Start of Block
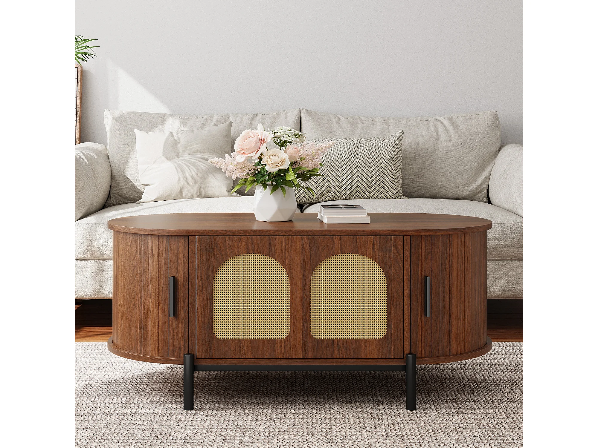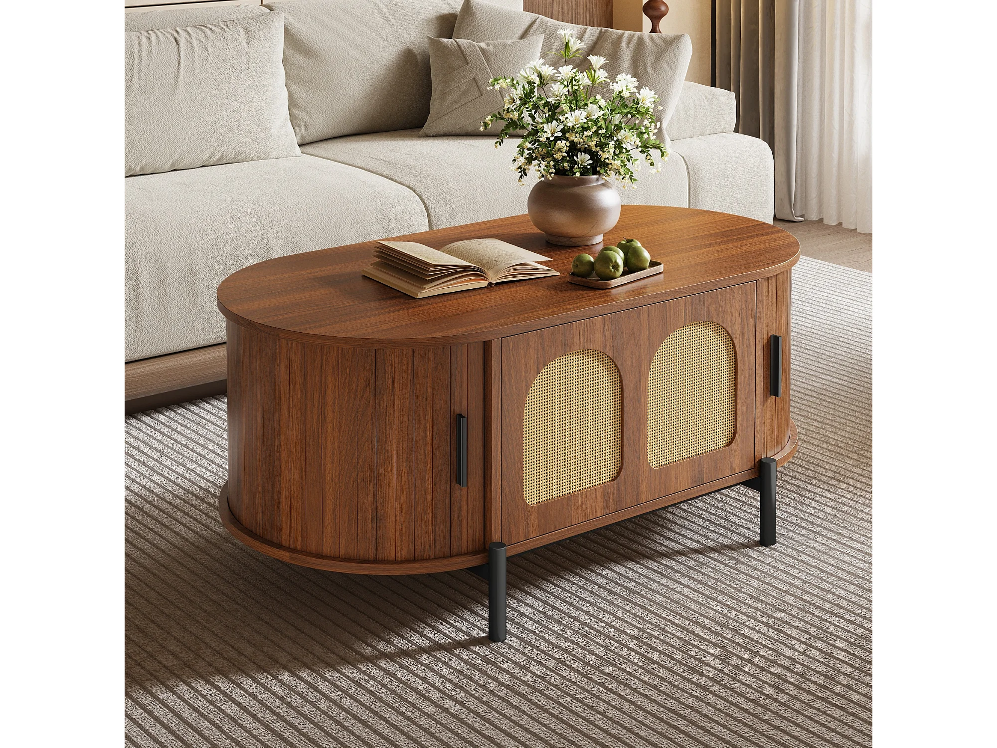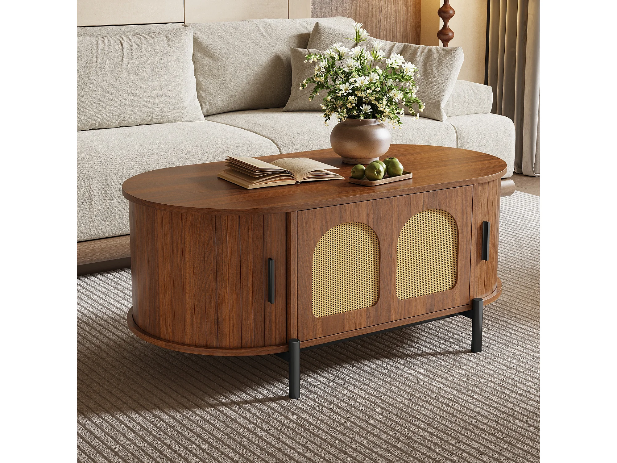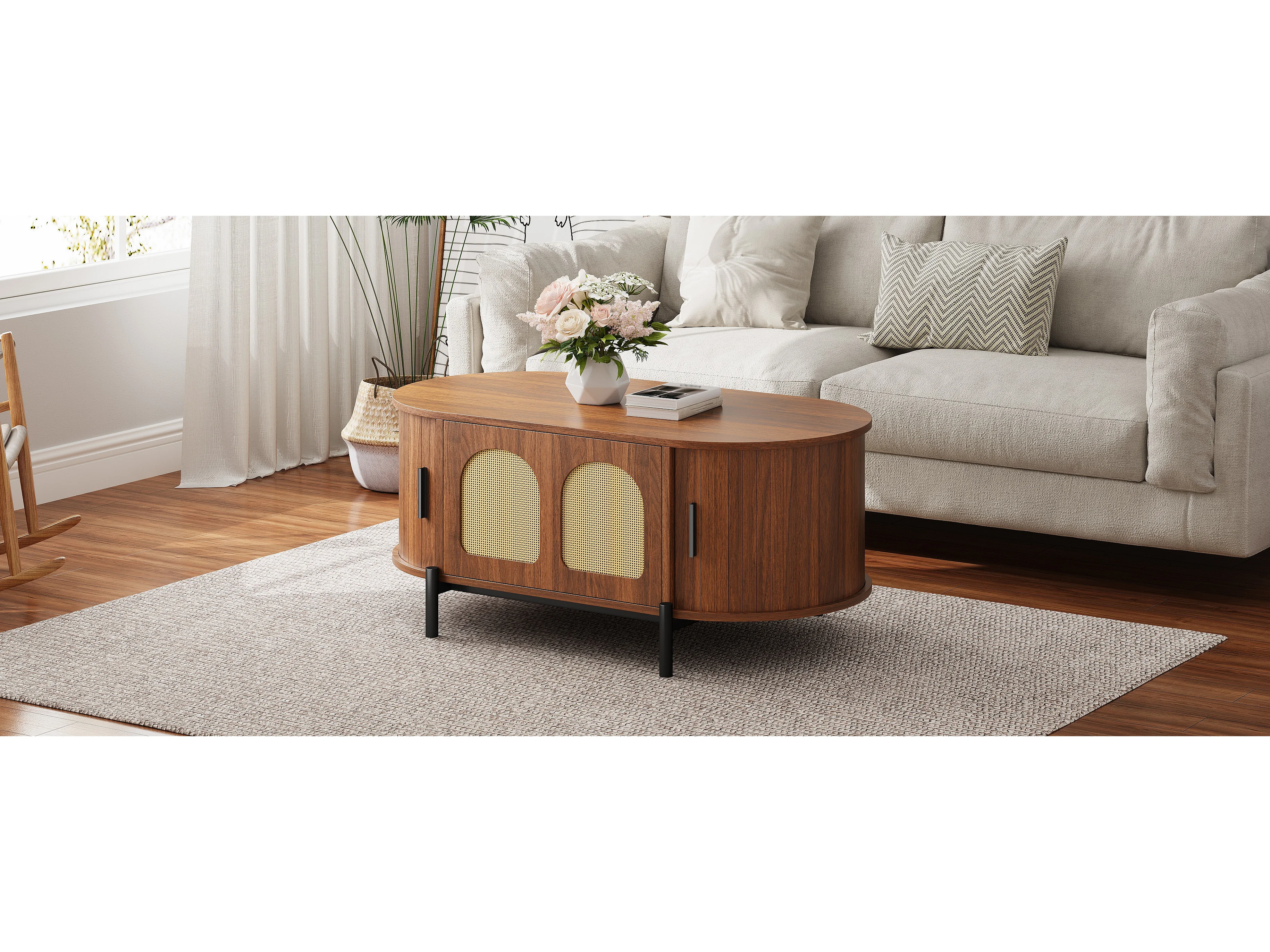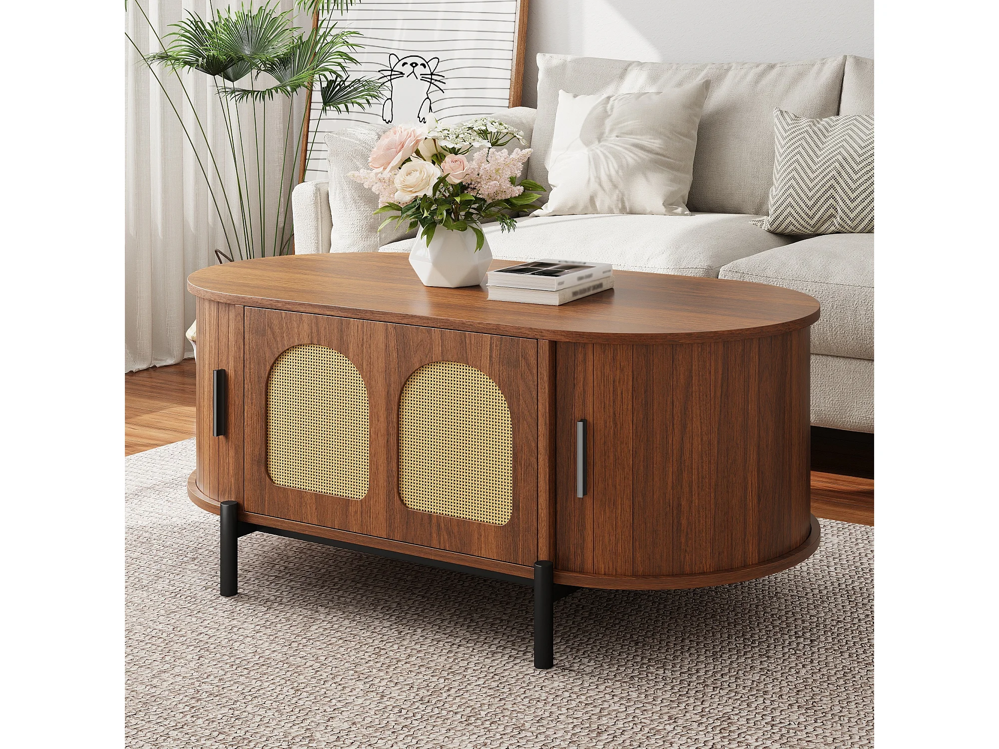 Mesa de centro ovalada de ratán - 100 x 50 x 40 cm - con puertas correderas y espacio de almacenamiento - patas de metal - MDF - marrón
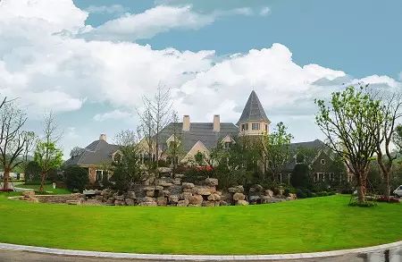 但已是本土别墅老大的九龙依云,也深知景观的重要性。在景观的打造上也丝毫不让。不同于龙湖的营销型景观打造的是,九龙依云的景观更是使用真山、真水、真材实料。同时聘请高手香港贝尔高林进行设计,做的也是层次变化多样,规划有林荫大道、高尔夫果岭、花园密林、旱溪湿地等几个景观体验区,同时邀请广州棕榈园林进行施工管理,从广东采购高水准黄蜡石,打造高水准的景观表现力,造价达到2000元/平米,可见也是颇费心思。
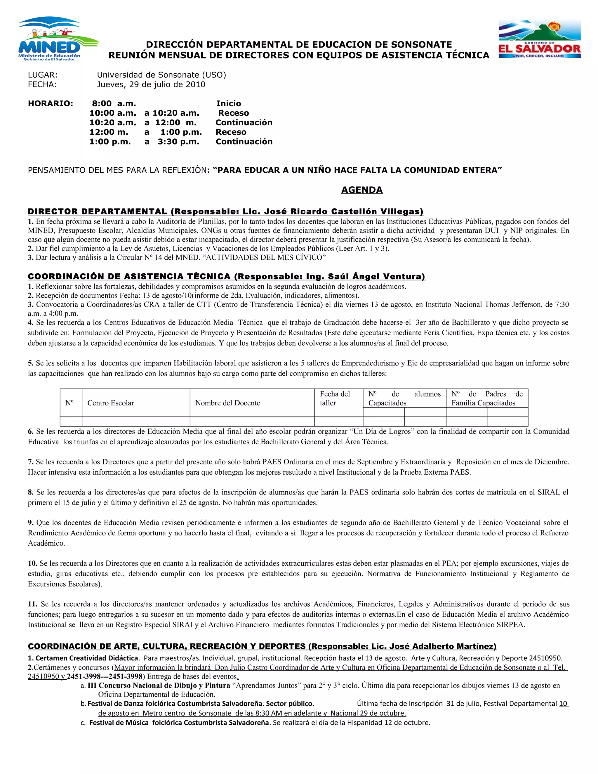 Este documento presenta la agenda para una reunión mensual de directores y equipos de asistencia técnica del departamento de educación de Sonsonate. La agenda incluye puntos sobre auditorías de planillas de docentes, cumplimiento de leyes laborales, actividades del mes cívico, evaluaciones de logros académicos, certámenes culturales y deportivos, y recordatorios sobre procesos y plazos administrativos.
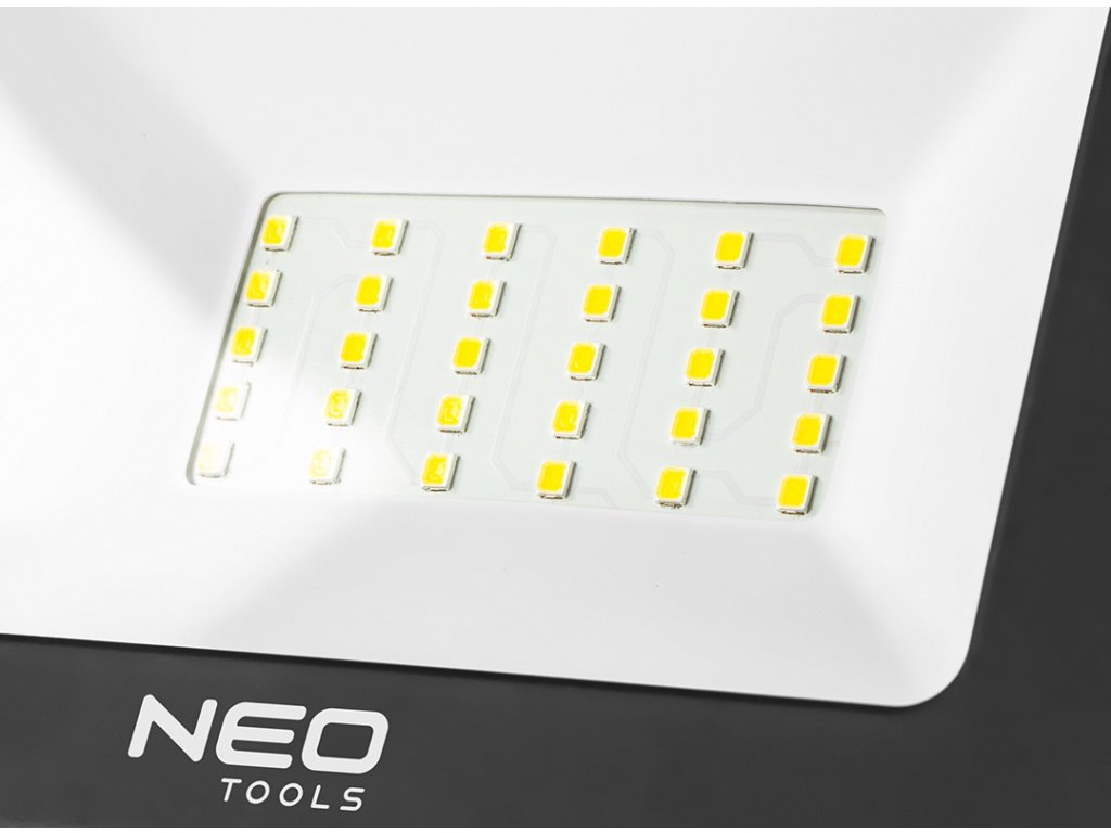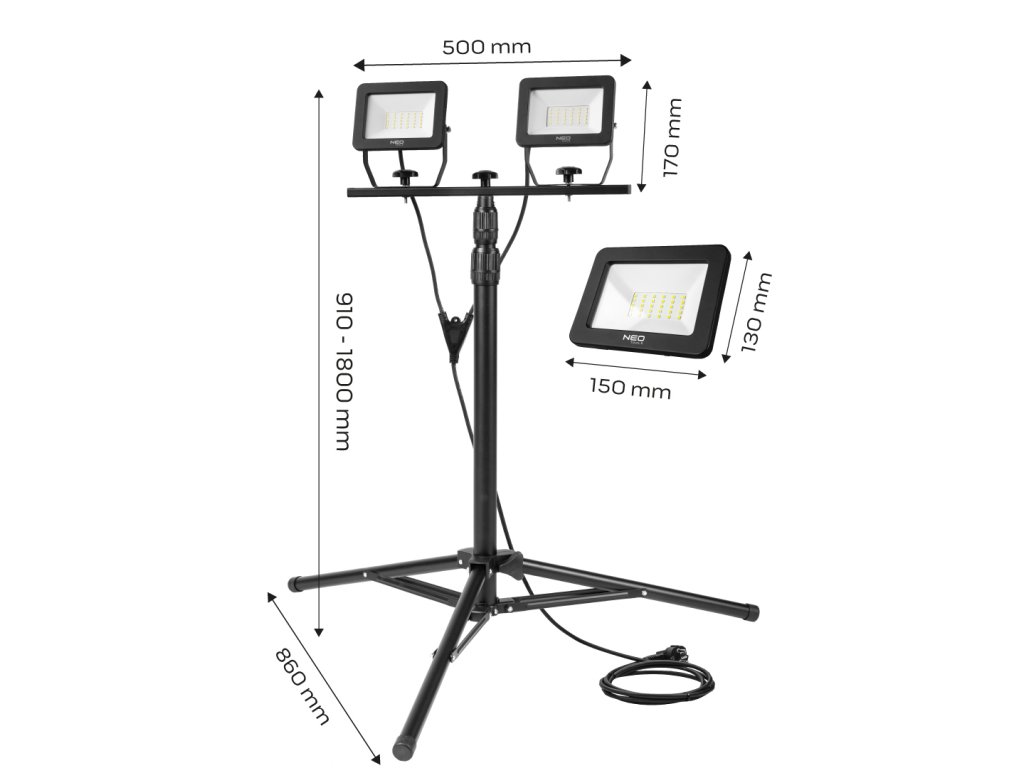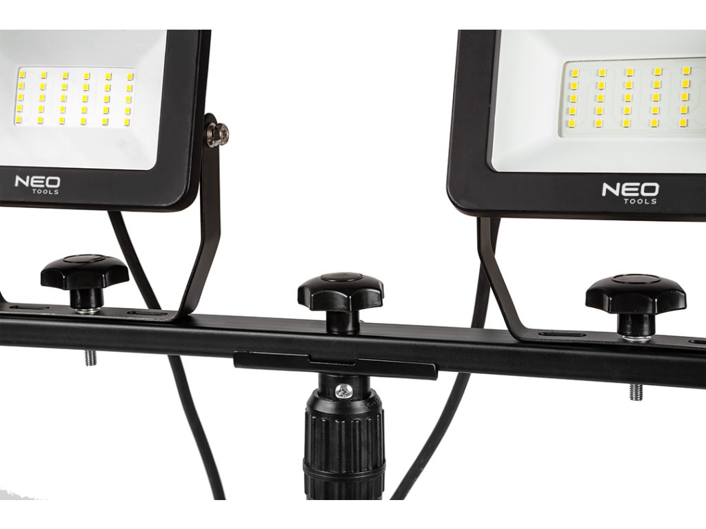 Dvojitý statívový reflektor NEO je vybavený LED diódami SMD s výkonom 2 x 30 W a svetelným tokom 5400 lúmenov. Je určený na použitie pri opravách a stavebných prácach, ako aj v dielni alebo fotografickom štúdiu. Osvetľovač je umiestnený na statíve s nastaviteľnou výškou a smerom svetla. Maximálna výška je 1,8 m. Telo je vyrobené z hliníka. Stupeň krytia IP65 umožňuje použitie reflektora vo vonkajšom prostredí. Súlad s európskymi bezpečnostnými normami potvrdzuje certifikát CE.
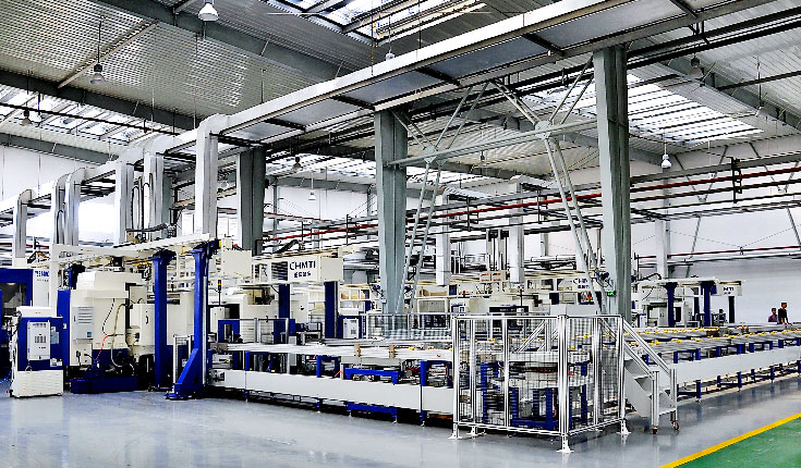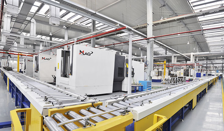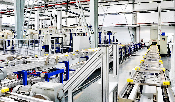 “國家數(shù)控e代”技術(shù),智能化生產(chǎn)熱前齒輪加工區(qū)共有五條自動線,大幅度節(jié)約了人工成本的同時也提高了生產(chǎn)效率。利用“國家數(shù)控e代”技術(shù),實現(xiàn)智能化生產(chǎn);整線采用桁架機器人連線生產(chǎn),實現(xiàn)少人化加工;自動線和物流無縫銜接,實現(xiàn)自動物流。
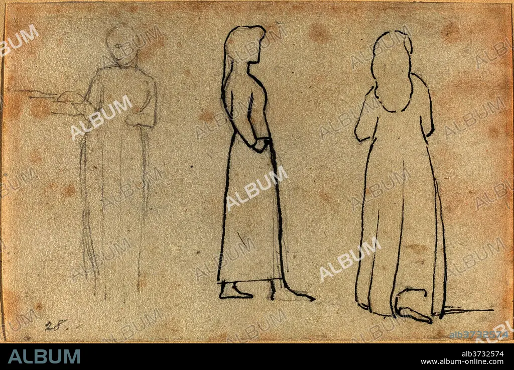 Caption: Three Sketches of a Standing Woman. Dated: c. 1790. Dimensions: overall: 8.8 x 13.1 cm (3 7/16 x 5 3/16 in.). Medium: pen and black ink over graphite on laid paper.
End of Block
> WHAT THE EXERCISE ASKS
Images stay out; the entries above are to be printed exactly.

> ANSWER TO THIS TASK
 Mesa de centro ovalada de ratán - 100 x 50 x 40 cm - con puertas correderas y espacio de almacenamiento - patas de metal - MDF - marrón
 但已是本土别墅老大的九龙依云,也深知景观的重要性。在景观的打造上也丝毫不让。不同于龙湖的营销型景观打造的是,九龙依云的景观更是使用真山、真水、真材实料。同时聘请高手香港贝尔高林进行设计,做的也是层次变化多样,规划有林荫大道、高尔夫果岭、花园密林、旱溪湿地等几个景观体验区,同时邀请广州棕榈园林进行施工管理,从广东采购高水准黄蜡石,打造高水准的景观表现力,造价达到2000元/平米,可见也是颇费心思。
 Este documento presenta la agenda para una reunión mensual de directores y equipos de asistencia técnica del departamento de educación de Sonsonate. La agenda incluye puntos sobre auditorías de planillas de docentes, cumplimiento de leyes laborales, actividades del mes cívico, evaluaciones de logros académicos, certámenes culturales y deportivos, y recordatorios sobre procesos y plazos administrativos.
 Dvojitý statívový reflektor NEO je vybavený LED diódami SMD s výkonom 2 x 30 W a svetelným tokom 5400 lúmenov. Je určený na použitie pri opravách a stavebných prácach, ako aj v dielni alebo fotografickom štúdiu. Osvetľovač je umiestnený na statíve s nastaviteľnou výškou a smerom svetla. Maximálna výška je 1,8 m. Telo je vyrobené z hliníka. Stupeň krytia IP65 umožňuje použitie reflektora vo vonkajšom prostredí. Súlad s európskymi bezpečnostnými normami potvrdzuje certifikát CE.
 “國家數(shù)控e代”技術(shù),智能化生產(chǎn)熱前齒輪加工區(qū)共有五條自動線,大幅度節(jié)約了人工成本的同時也提高了生產(chǎn)效率。利用“國家數(shù)控e代”技術(shù),實現(xiàn)智能化生產(chǎn);整線采用桁架機器人連線生產(chǎn),實現(xiàn)少人化加工;自動線和物流無縫銜接,實現(xiàn)自動物流。
 Caption: Three Sketches of a Standing Woman. Dated: c. 1790. Dimensions: overall: 8.8 x 13.1 cm (3 7/16 x 5 3/16 in.). Medium: pen and black ink over graphite on laid paper.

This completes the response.